### Work instruction
Among the entries below, find the line with "Kingmalls Womens Red", then quote it and each following line up to and including the line with "据了解,QQ阅读的漫画测试版", and nothing else.

### Information supplied
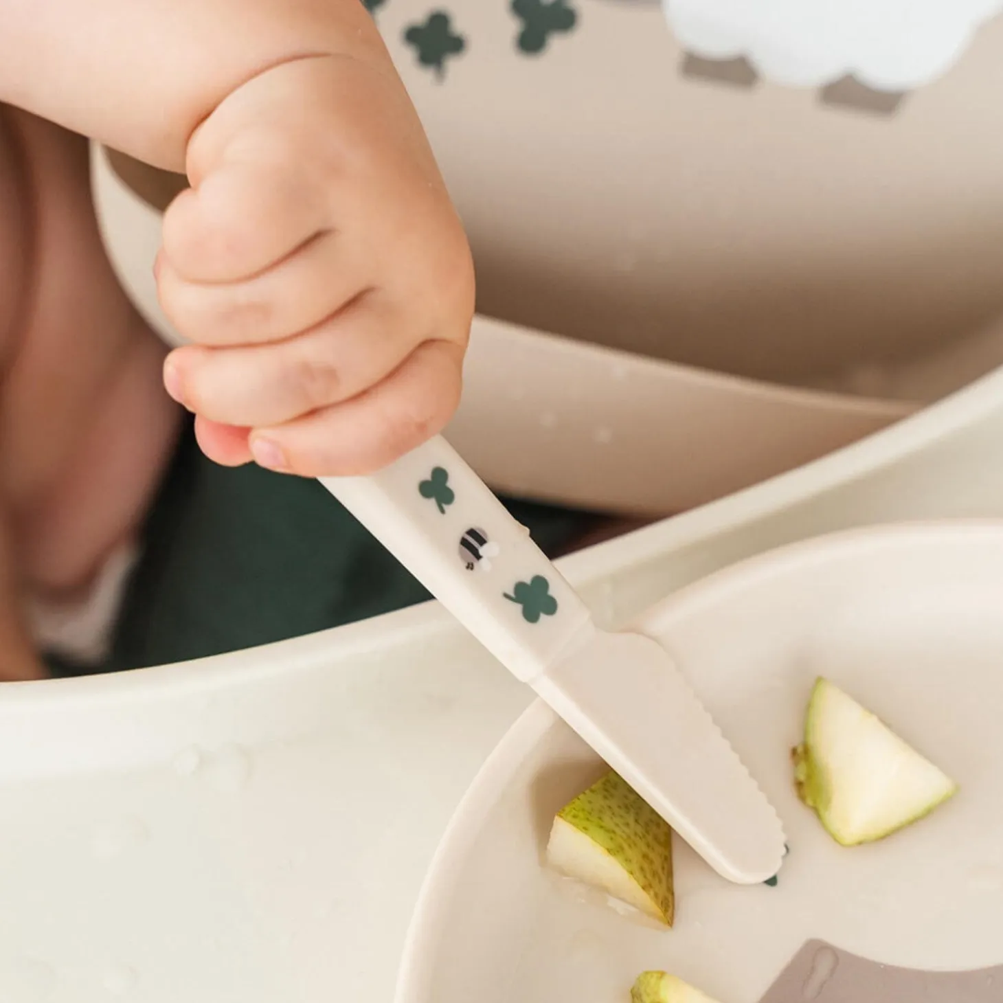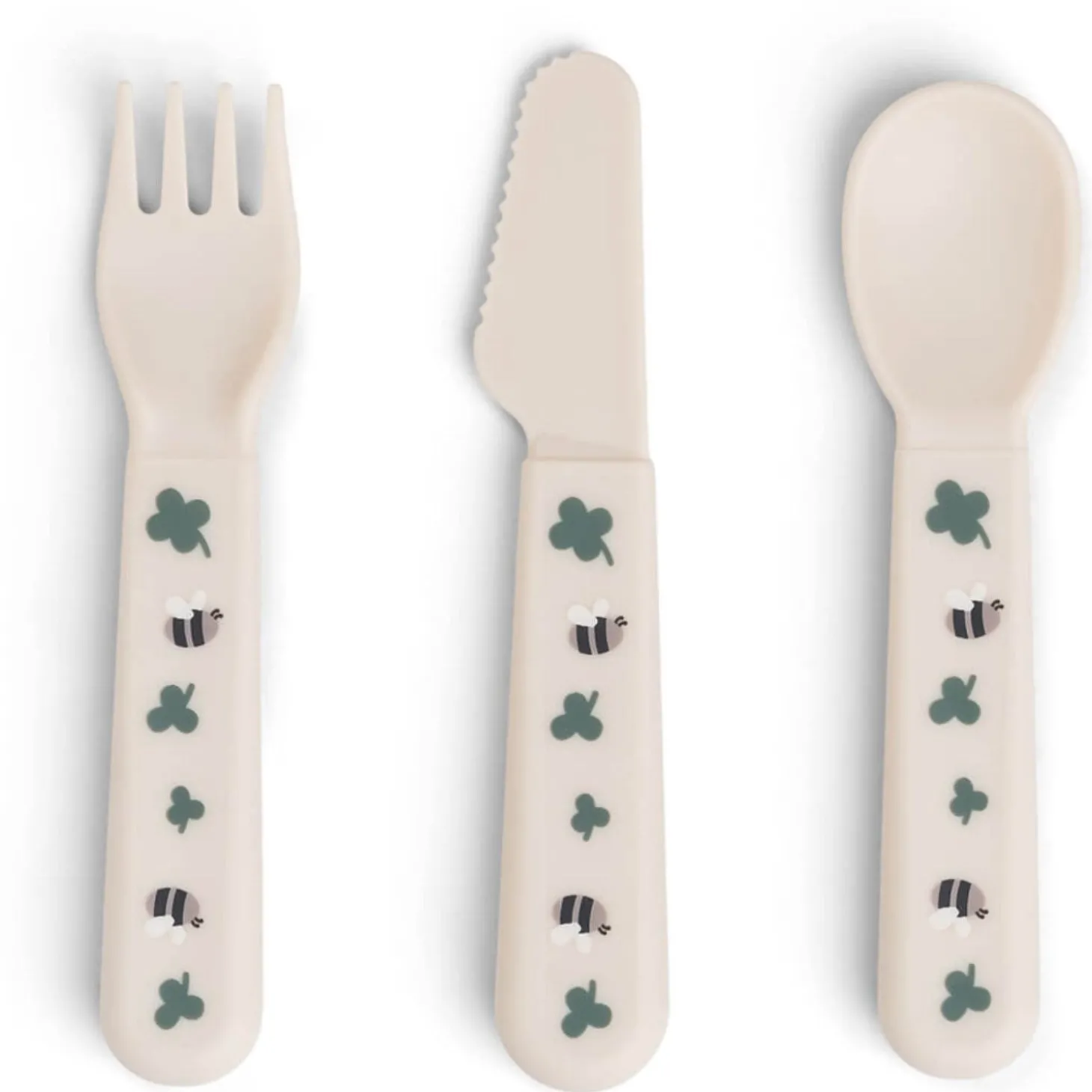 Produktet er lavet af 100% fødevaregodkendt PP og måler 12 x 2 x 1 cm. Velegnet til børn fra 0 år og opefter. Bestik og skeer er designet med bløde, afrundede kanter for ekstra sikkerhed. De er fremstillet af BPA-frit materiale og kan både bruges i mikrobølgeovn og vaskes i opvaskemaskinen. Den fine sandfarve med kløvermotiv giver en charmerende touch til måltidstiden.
* * *
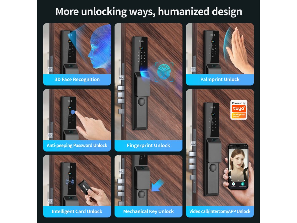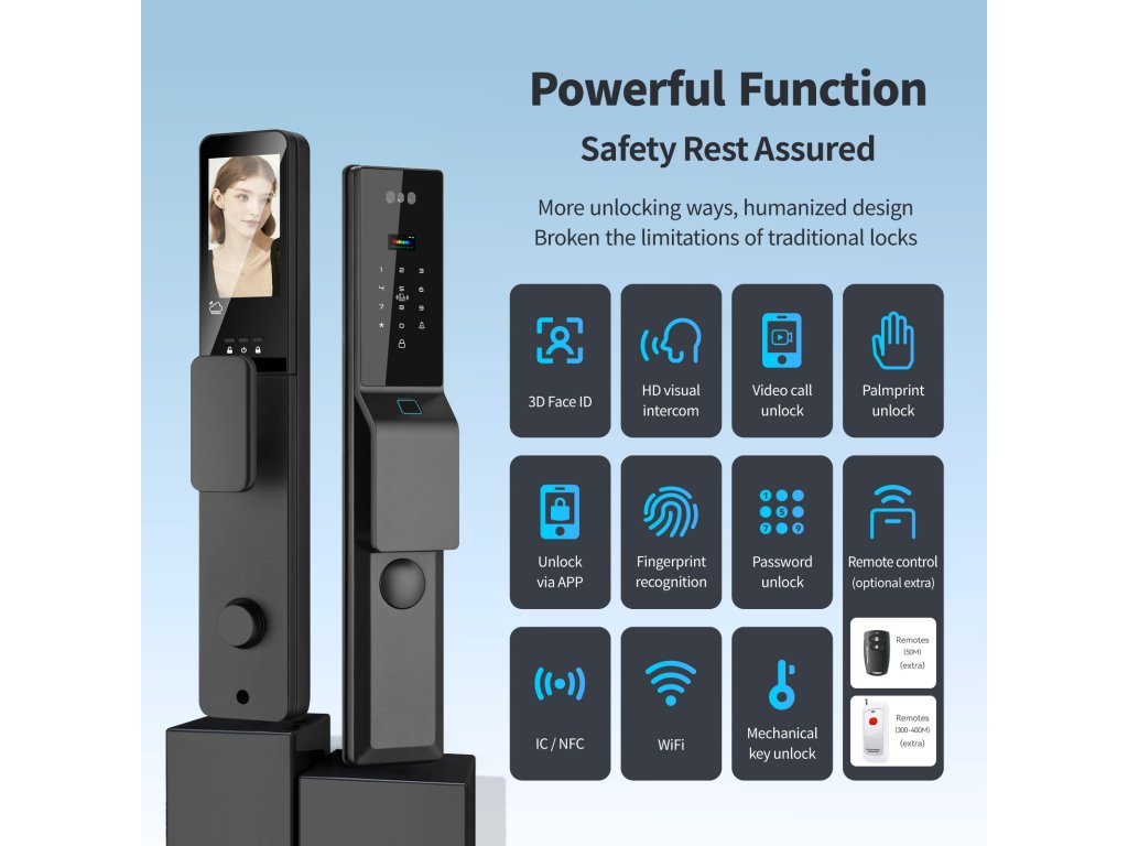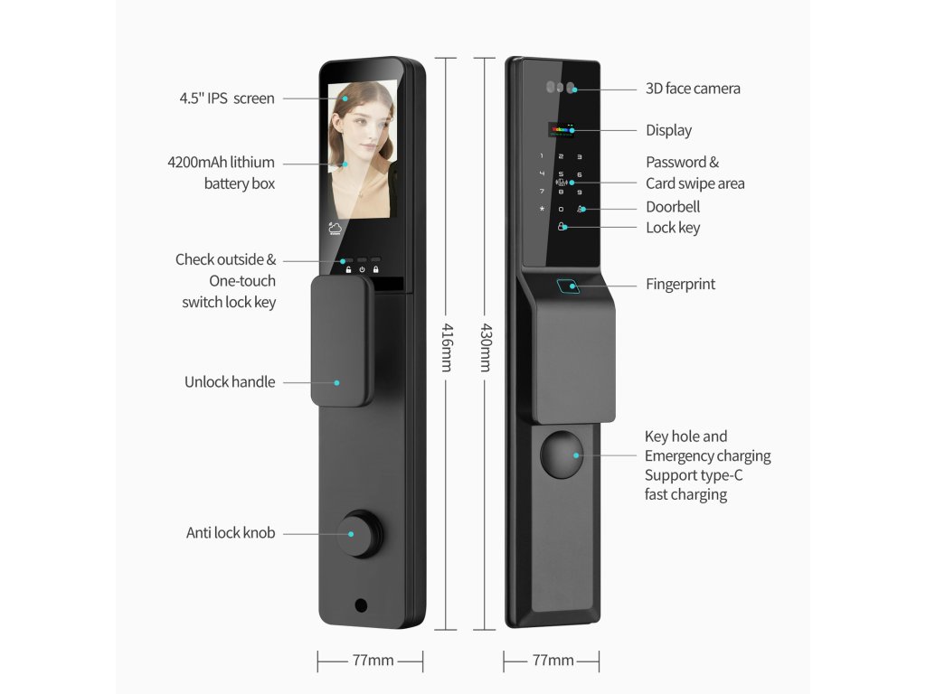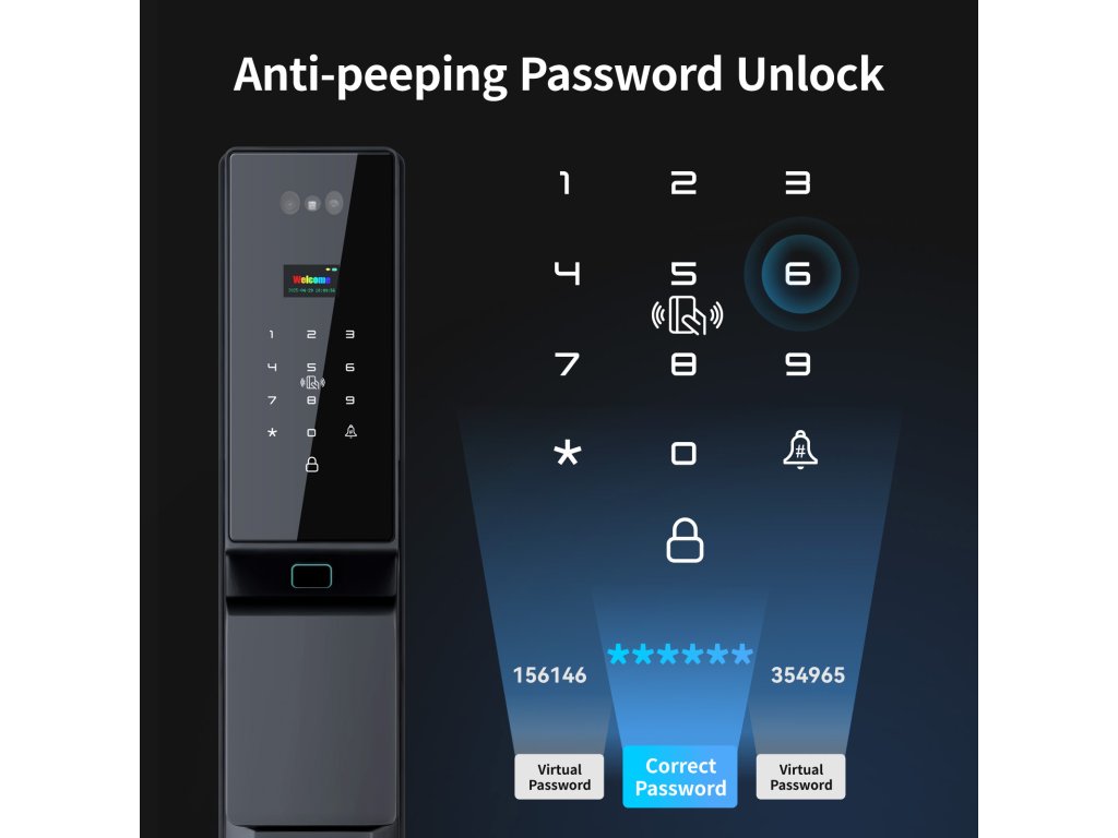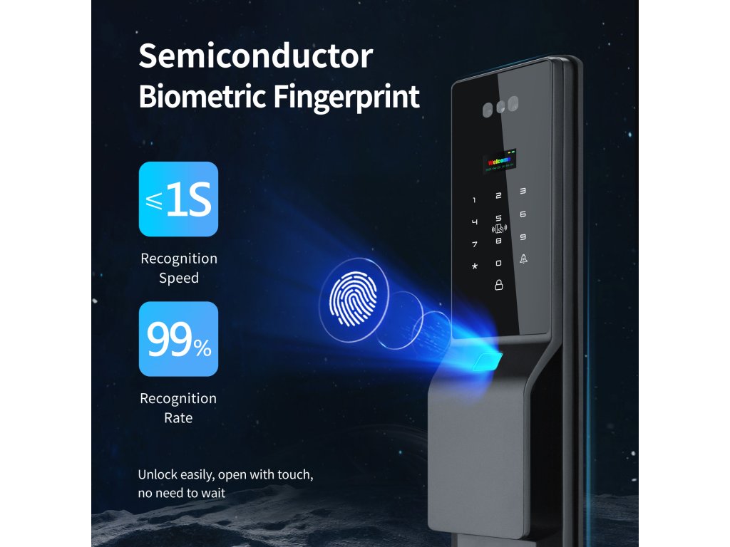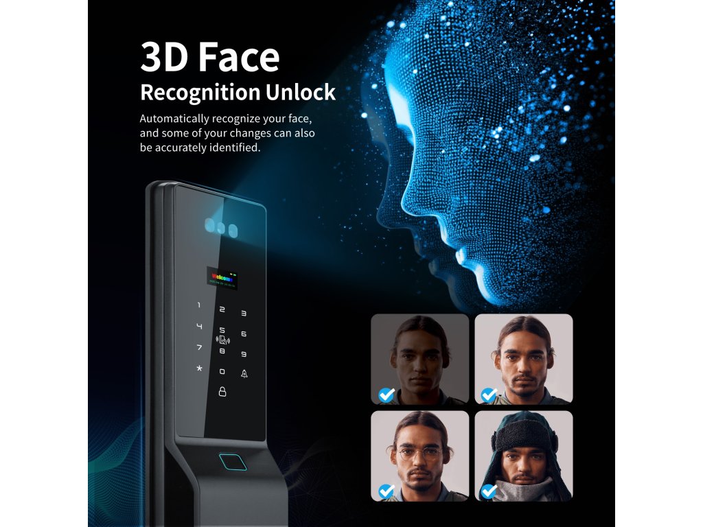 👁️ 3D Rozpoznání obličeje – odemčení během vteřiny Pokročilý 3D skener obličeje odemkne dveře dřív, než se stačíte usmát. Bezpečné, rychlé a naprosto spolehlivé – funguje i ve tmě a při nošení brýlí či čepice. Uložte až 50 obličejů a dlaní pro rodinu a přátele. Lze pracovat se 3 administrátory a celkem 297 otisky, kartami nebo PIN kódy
...
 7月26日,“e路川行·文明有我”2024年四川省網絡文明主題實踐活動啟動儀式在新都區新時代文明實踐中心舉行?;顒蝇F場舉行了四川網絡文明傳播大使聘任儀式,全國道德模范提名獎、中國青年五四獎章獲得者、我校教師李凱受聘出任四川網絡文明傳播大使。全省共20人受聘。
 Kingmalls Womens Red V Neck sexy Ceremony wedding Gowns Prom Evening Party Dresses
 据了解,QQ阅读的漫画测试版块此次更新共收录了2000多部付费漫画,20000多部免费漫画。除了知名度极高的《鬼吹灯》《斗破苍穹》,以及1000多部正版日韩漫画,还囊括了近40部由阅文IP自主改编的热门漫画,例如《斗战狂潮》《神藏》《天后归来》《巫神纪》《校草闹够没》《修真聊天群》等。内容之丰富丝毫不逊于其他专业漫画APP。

### Exercise solution
 Kingmalls Womens Red V Neck sexy Ceremony wedding Gowns Prom Evening Party Dresses
 据了解,QQ阅读的漫画测试版块此次更新共收录了2000多部付费漫画,20000多部免费漫画。除了知名度极高的《鬼吹灯》《斗破苍穹》,以及1000多部正版日韩漫画,还囊括了近40部由阅文IP自主改编的热门漫画,例如《斗战狂潮》《神藏》《天后归来》《巫神纪》《校草闹够没》《修真聊天群》等。内容之丰富丝毫不逊于其他专业漫画APP。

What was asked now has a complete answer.